Dans la métropole toulousaine, le choix a été fait de mettre en place une tarification saisonnière à compter du 1er juin prochain. Il s’agit d’une évolution importante qui pourrait avoir un impact fort sur les usagers de l’eau mais sa mise en œuvre dès le mois de juin est précipitée. Cette mesure n’a fait l’objet de discussions ni avec les communes et leurs élus, ni avec les habitants et les usagers de l’eau. L’impact économique sur la Métropole et sur les habitantes et habitants, via les mécanismes de compensation bénéficiant au délégataire n’est pas maitrisé. Pourtant, la gestion de l’eau est un enjeu crucial pour notre avenir et mérite de faire l’objet d’un vrai débat démocratique. En effet, le sujet ne saurait être résumé au constat que la ressource se raréfie l’été, ce qui justifierait une régulation de la demande par les prix. Les usages de l’eau doivent être distingués et priorisés, certains usages doivent être sanctuarisés tandis que d’autres doivent être pénalisés et ce, en toutes saisons. Par ailleurs, la préservation de la ressource en eau ne saurait se résumer à une politique tarifaire : d’autres leviers doivent être mobilisés pour inciter aux changements durables de comportements. 

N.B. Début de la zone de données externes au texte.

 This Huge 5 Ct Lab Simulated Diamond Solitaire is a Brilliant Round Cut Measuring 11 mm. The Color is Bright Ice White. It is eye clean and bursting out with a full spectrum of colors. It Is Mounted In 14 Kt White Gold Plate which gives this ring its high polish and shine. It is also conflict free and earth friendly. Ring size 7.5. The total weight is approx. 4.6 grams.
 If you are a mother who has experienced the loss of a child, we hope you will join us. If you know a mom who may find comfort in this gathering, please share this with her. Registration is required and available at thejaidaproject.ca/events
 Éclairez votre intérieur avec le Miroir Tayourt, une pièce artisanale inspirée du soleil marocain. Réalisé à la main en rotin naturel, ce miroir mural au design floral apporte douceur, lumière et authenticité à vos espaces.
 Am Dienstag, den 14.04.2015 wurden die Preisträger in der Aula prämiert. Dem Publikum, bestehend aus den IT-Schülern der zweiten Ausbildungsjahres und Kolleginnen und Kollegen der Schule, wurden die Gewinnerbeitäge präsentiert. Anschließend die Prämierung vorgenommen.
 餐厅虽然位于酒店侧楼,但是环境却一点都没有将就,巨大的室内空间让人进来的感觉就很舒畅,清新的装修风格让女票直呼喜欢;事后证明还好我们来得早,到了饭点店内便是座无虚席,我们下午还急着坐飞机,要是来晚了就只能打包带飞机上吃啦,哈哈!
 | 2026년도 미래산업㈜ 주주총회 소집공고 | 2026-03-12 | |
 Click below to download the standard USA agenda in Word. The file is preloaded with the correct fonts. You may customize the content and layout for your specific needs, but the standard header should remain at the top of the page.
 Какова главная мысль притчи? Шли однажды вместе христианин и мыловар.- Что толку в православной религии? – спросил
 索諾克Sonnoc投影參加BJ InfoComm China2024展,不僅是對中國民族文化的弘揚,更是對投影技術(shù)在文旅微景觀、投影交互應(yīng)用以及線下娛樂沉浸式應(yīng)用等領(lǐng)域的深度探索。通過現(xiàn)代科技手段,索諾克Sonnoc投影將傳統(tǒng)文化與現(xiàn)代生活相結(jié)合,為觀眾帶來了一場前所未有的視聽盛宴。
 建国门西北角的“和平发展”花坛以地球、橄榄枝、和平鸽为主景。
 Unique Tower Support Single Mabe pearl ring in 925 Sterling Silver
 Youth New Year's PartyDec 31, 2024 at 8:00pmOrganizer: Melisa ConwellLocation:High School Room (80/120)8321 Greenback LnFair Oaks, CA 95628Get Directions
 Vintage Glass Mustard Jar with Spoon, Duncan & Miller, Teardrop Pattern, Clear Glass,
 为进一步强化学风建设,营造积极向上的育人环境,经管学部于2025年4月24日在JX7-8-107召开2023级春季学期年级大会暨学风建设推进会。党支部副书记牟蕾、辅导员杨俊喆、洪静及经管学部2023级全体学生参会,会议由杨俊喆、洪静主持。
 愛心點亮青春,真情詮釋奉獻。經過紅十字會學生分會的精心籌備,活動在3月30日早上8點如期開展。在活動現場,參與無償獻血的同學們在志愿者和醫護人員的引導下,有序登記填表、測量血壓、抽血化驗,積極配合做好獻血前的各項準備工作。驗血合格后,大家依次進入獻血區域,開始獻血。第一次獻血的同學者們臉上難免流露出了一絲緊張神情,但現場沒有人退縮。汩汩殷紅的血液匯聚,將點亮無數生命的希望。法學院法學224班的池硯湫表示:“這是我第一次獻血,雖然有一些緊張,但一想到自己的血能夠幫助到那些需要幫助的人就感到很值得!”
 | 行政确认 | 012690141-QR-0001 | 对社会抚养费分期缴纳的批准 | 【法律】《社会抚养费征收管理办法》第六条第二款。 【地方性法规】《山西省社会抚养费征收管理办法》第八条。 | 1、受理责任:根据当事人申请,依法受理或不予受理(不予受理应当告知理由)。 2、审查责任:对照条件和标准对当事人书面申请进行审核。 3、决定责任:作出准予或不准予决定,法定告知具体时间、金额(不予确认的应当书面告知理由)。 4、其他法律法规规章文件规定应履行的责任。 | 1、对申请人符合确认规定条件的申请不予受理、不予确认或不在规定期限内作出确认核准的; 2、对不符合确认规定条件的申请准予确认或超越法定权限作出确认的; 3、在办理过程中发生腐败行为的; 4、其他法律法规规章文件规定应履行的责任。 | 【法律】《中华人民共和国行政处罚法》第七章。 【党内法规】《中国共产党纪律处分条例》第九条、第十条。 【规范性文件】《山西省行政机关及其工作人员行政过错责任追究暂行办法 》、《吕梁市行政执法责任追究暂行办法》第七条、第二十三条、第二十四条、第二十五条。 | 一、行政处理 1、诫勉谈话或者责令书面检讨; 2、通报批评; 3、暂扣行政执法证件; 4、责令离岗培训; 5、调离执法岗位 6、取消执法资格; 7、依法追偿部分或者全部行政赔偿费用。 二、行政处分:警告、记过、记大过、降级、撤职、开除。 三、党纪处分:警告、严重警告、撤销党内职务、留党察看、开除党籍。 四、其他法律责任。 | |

Une politique efficace d’incitation à la sobriété dans les usages de l’eau, notamment s’agissant des usages superflus tels que l’arrosage de pelouses, le remplissage de piscines individuelles ou encore le nettoyage de véhicules, doit logiquement conduire à une baisse concrète des volumes d’eau consommés annuellement. Dès lors que la préservation de la ressource est l’objectif recherché, il s’agit de l’assumer et de le porter politiquement. Le contexte d’aggravation des impacts du changement climatique et de menaces sur notre ressource en eau justifie largement cet objectif. Aussi, il est normal que le service public de l’eau et de l’assainissement s’adapte en conséquence et que les délégataires contribuent à cet effort partagé de sobriété, y compris sur le plan financier.  

Par conséquent : 

Article 1

Le Conseil de Toulouse Métropole s’engage à reporter l’application de la tarification saisonnière au 1er janvier 2025. Ce délai sera mis à profit pour communiquer une analyse détaillée des consommations mensuelles par typologie d’usager, pour mener une concertation de qualité avec l’ensemble des élus locaux, les habitants et tous les usagers de l’eau, afin d’apporter aux parties prenantes tous les éléments d’information utiles et d’aboutir à une vision partagée de la gestion de la ressource. 

Article 2

Le Conseil de Toulouse Métropole s’engage à étudier la faisabilité technique (ex : compteurs ou sous-compteurs individuels) et financière de la mise en place de la tarification progressive, en octroyant la gratuité pour les premiers m3 d’eau dits « vitaux » et en pénalisant fortement les consommations superflues.  

Article 3

Le Conseil de Toulouse Métropole s’oppose à toute compensation financière en cas de baisse de la consommation d’eau qui impacterait négativement les résultats financiers des délégataires du service public de l’eau et de l’assainissement, y compris dans le cas où celle-ci serait imputable aux politiques tarifaires visant la sobriété.